Куда приводят мечты, которые не могут сбыться? Вот в чем вопрос.
— Виктория Робертовна, я хочу кататься. Я не знаю, как и где, но я хочу! — губы дрожат, но держится.
— Я тебя услышала, Мил. Приезжай завтра к 11 на лёд, будем смотреть твои программы и думать, что нам делать, чтобы ты могла кататься.
Милка уходит так быстро, что кажется, опять сбегает. Лишь едва кивает на ходу.
****
Закрывая дверь кабинета, Вика видит Ландау, который идет навстречу. Улыбка озаряет лица обоих. Домой, домой! На ходу она подхватывает мужчину за талию, и они отправляются к дверям.
Из туалетной комнаты для женщин, мимо которой пара идет, обнявшись, слышны рыдания.
— Это что за призраки завывают у нас на этаже? — улыбаясь, шепчет ей в ухо Илья
— Леонова плачет, — спокойно отвечает ему Домбровская.

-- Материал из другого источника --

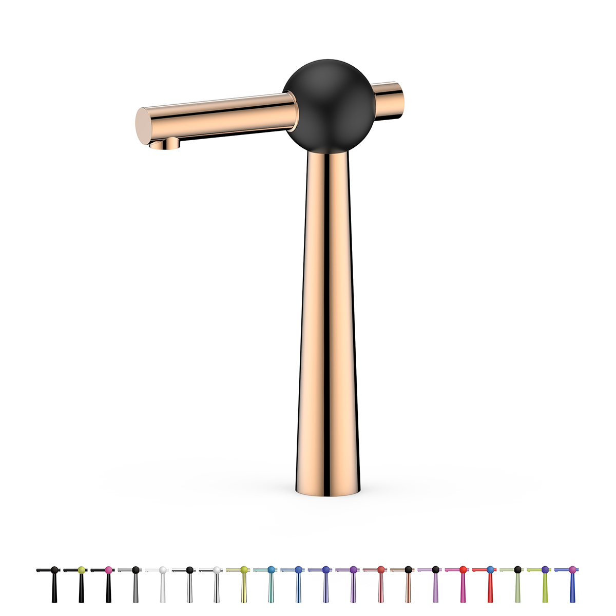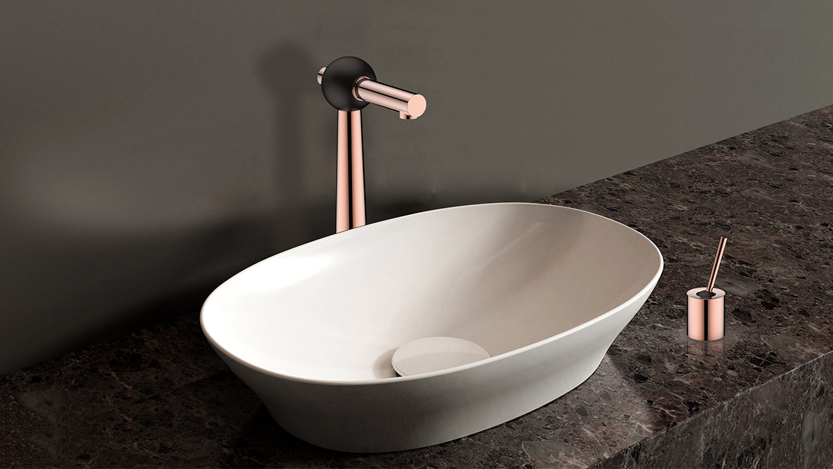 O-Time系列水龙头追随着少即是多的理念,以极简的几何形体塑造出一种极致的视觉体验。以20世纪初俄国构成主义风格为设计灵感,采用金属管、塑料球等简单几何形体,通过组构拼合的方式完成水龙头的基础形态设计。
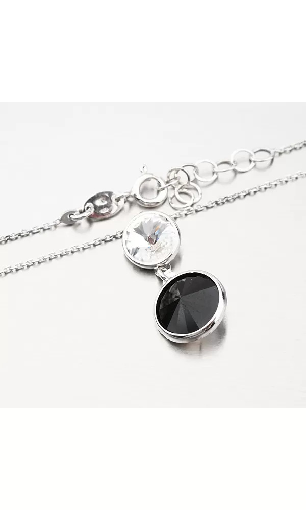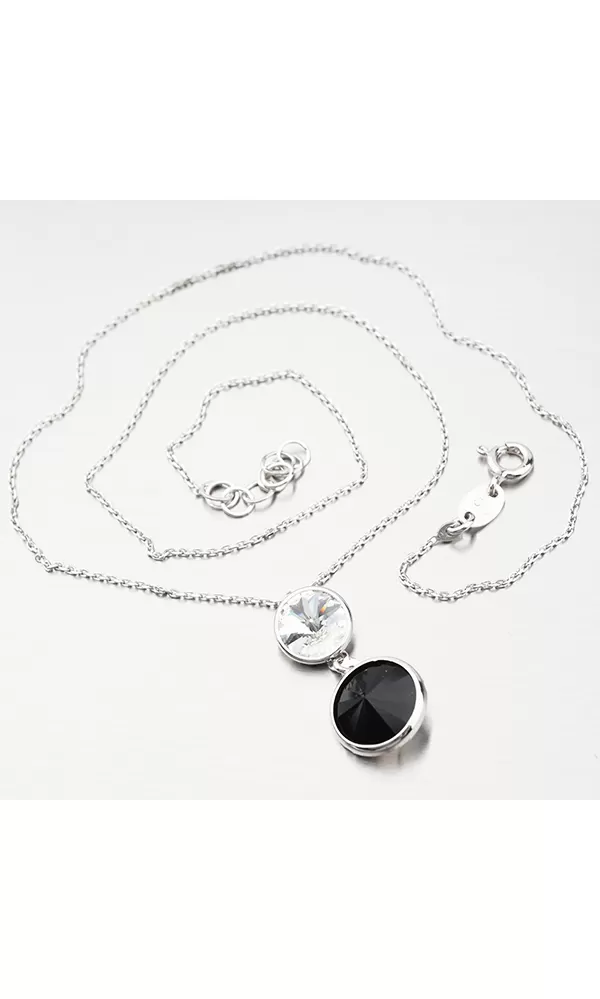 Tento náhrdelník s reťazou typu súhlasu as kryštálmi ozdobí dekolt akejkoľvek elegantnej žene alebo dievčaťu. Na reťazci sú dva kryštály, jeden menší v bielej a pod ňou v čiernej farbe. Reťaz je zdobená aspektmi, ktoré sú vyrobené pomocou diamantového nástroja. Poskytuje výsledným aspektom maximálny lesk, vďaka čomu dokonale odráža svetlo a má krásnu brilanciu zo všetkých uhlov!
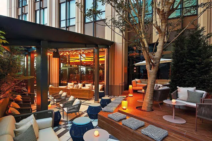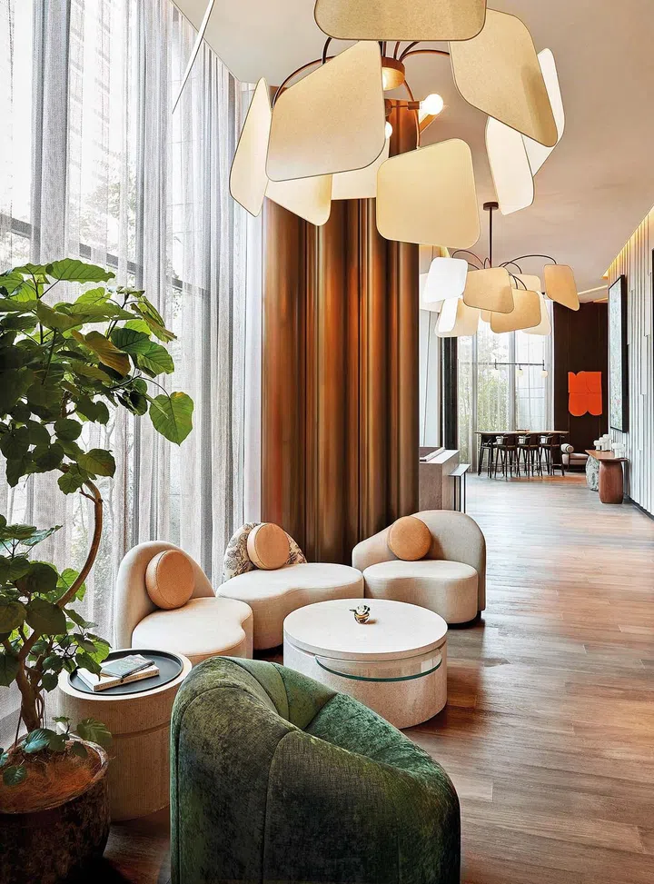 Sculptural plaster walls and a 3D folding wall welcome guests and visitors in the lobby, also the location of The Jones Café Bar, an all-day chill New York City (NYC)-inspired spot adorned with lacquer tables, an eclectic mix of chairs, oversized sofas, reclaimed material turned art pieces and striking neon industrial accents against a backdrop of indie music.
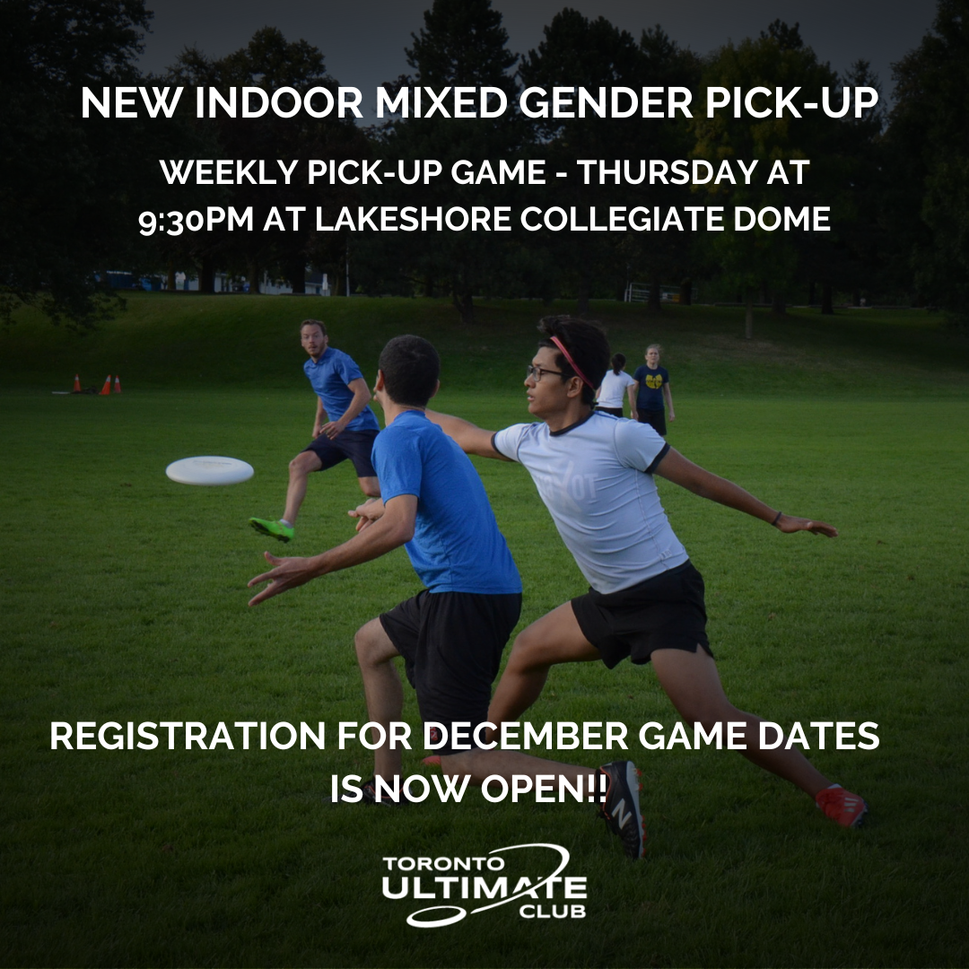 Looking to keep playing as the nights get colder? Thursday Night Pick-Up at Lakeshore Collegiate Dome (LCI) continues through December, and registration is now open for all December game dates.
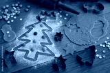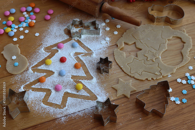 Gingerbread dough with cookie cutters and Christmas tree drawn on flour on wooden table
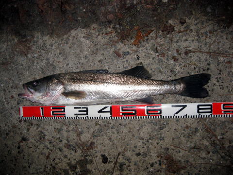 1投目でHITしたのはとっても貧弱な70センチクラスのシーバスでした。
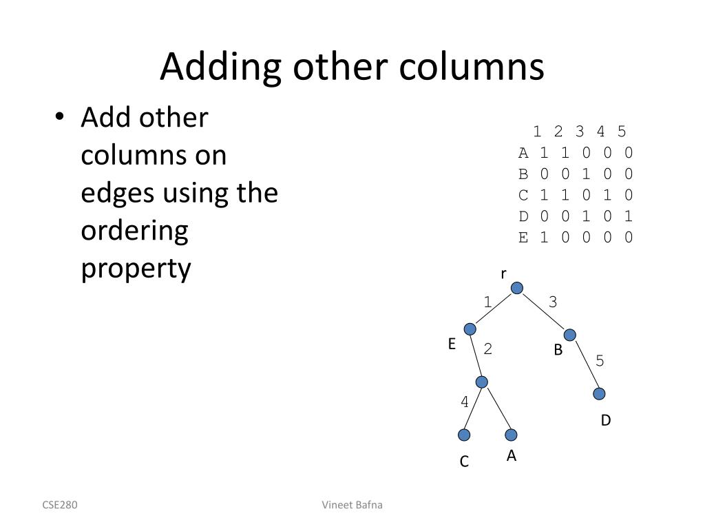 Adding other columns 1 2 3 4 5 A 1 1 0 0 0 B 0 0 1 0 0 C 1 1 0 1 0 D 0 0 1 0 1 E 1 0 0 0 0 • Add other columns on edges using the ordering property r 1 3 E 2 B 5 4 D A C Vineet Bafna
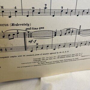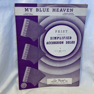 This vintage accordion sheet music is a must-have for any pop music lover. Published by Leo Feist, Inc. in 1947, this simplified version of "My Blue Heaven" by Whiting and Donaldson is perfect for beginner accordion players. The sheet music features clear notation and is in excellent condition. With its catchy melody and timeless lyrics, "My Blue Heaven" is a classic that is guaranteed to delight audiences of all ages. This unit quantity sheet music is a rare find, and is sure to be a treasured addition to any collection. Add it to your cart today and experience the joy of playing this beloved tune on your accordion. Minor age wear. See pictures for condition details.
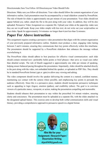 Directionsmake Sure You Follow All Directionsyour Video Shou

— Может, зайти? — молодой человек притормаживает.
— Нет… это ее круг ада. Мы там лишние. Пошли домой. Я устала, Илюш. Зверски.
Ты видишь, сын, какой обман летучий даяния Фортуны…
Мила невольно разбередила раны, казавшиеся хорошо зажившими. Вернула в тот жуткий постолимпийский год. Год расплат за успехи. Год потерь.